Intimidé de 9 ans pour ne pas avoir de coupe Stanley
Le tardif élémentaire et le début du collège ne sont pas faciles pour les enfants. Non seulement ils essaient de comprendre qui ils sont et comment ils s'installent, mais ils sont également beaucoup plus influencés par leurs pairs. Personne ne veut sortir ou être différent – et quand il le fait, cela augmente leurs chances d'être ciblés.
« Les enfants choisiront généralement la cible la plus simple de l'intimidation, qui comprend souvent tout ce qui ne correspond pas aux normes culturelles d'être » cool « », explique Katherine Lamparyk, Psyd, psychologue enfant et adolescent, et directrice de la psychologie du Département de psychiatrie et de santé comportementale chez Akron Children's. « Les raisons de l'intimidation et de l'exclusion sociale vont au-delà de la dernière marque Tiktok ou de la marque de noms. Fondamentalement, les enfants veulent juste s'intégrer. »

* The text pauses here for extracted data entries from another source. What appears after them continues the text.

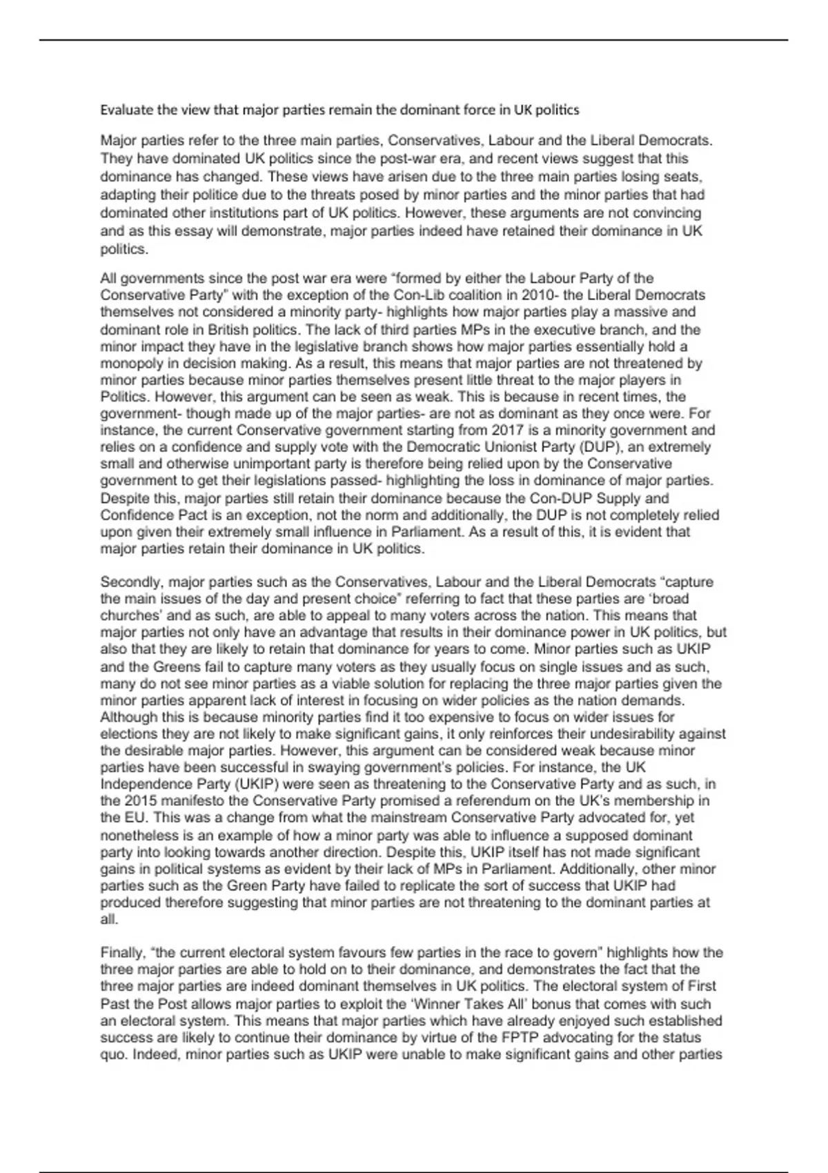 and as this essay will demonstrate, major parties indeed have retained their dominance in UK
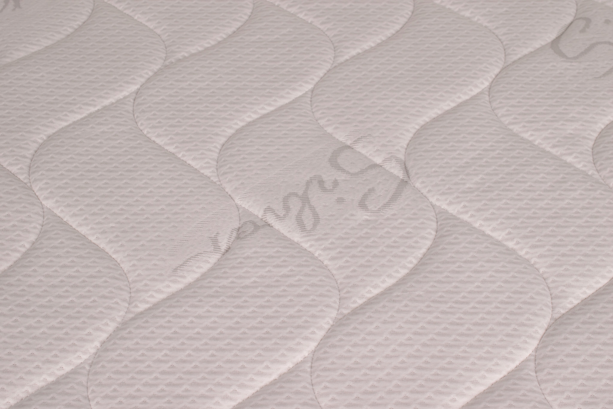 Ткань для матраса Silver представляет собой белый материал с небольшими светло-серыми отверстиями и логотипом, видимым на поверхности. Он мягкий
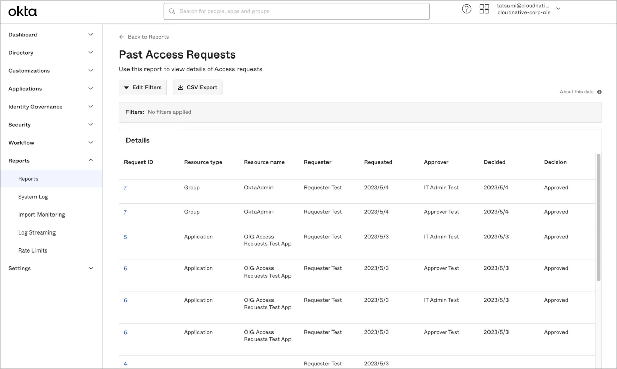 Governance Reportsでは主に完了したAccess Certificationsに基づいたレポートを利用することができます。また、Access Requestsについてのレポートも利用することができます。

Ainsi, lorsque l'engouement de la Coupe Stanley a frappé les écoles, il n'est pas surprenant que les experts de la prévention de l'intimidation disent que les jeunes filles sont ciblées pour ne pas en avoir. En fait, plusieurs mamans – une en Ohio et une au Texas – sont devenues virales, partageant leur frustration que leurs filles ont été distinguées pour ne pas avoir la coupe à la mode.
Une maman en a assez
Lorsqu'une maman du Texas s'est rendue à Tiktok pour partager le chagrin de sa fille pour avoir été victime d'intimidation pour avoir été divisé par une haltérophiliée, la réponse a été divisée. Dans la vidéo, la maman explique que sa fille avait supplié de prendre une coupe mignonne et à paillette de sa mère à l'école, pensant que cela ressemblait à la Coupe Stanley que ses camarades de classe portaient.

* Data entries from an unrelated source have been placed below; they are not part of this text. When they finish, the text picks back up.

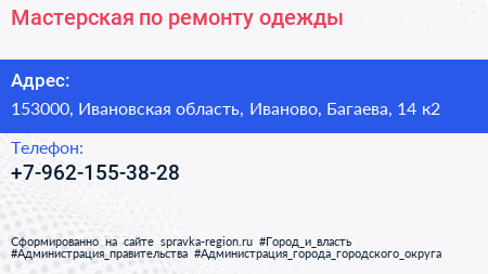 Мастерская по ремонту одежды по адресу 153000, Ивановская область, Иваново, Багаева, 14 к2 в дальнейшем Организация, размещена в следующих категориях:
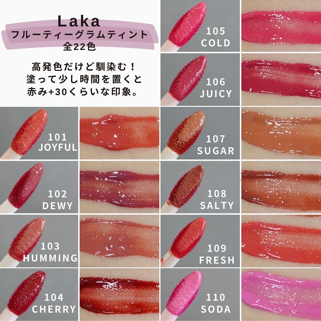 Lakaフルーティーグラムティント紹介♡おはようございます☺︎mです♪今回はメガ割で購入した際におまけで頂いたLakaのティントを使用したので、その感想をお届けします♡【使った商品】Laka フルーティーグラムティント【色味】122 ロージー...
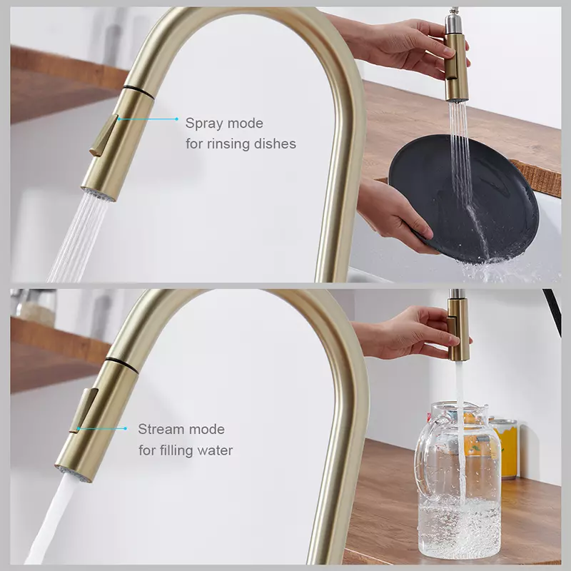 DUAL MODE SETTING - Your kitchen faucets with pull down sprayer provides soft aerated stream and splash-free powerful spray due to its hard rubber sprayer holes. 360 degree kitchen sink faucets sprayer, the switch can be placed in every position as you like.

« Elle était super imprégnée de le prendre. » La maman dit. Mais lorsque sa fille a fièrement montré sa tasse à l'école, ses camarades de classe l'ont rapidement abattu, l'appelant une imitation et la faisant se sentir petite. « Mes enfants ne connaissent pas les marques.
Visiblement frustré, la maman s'est engagée à faire en sorte que sa fille soit immédiatement une véritable coupe Stanley pour lui épargner la douleur d'être distingué.
Les téléspectateurs ont inondé les commentaires avec des réactions mitigées. Certains ont sympathisé et envoyé d'innombrables tasses Stanley à sa fille, certains lui ont même suggéré de faire en sorte que sa fille soit plus cool, tandis que d'autres ont exhorté la maman à ne pas céder à la pression, lui suggérant de l'aider à apprendre à brosser les commentaires. Un commentateur a écrit: « S'ils l'ont informée à propos d'une« coupe », le fait que le Stanley ne les arrêtera pas. Ils trouveront autre chose pour l'intimider. » La discussion a soulevé une question plus large: l'achat dans la tendance est-il la bonne décision, ou envoie-t-il le mauvais message?
Les experts disent que l'instinct de maman pour protéger son enfant est naturel, mais ils avertissent également que les solutions matérielles ne traitent pas de la racine du problème. « Le problème ici n'est pas la Coupe Stanley », explique Robyn Koslowitz, PhD, psychologue clinicien agréé avec Institut parental ciblé. « Ce sont les cibles de l'amitié. Vous essayez de signaler la« similitude »avec un groupe de filles qui ne sont pas très gentilles. »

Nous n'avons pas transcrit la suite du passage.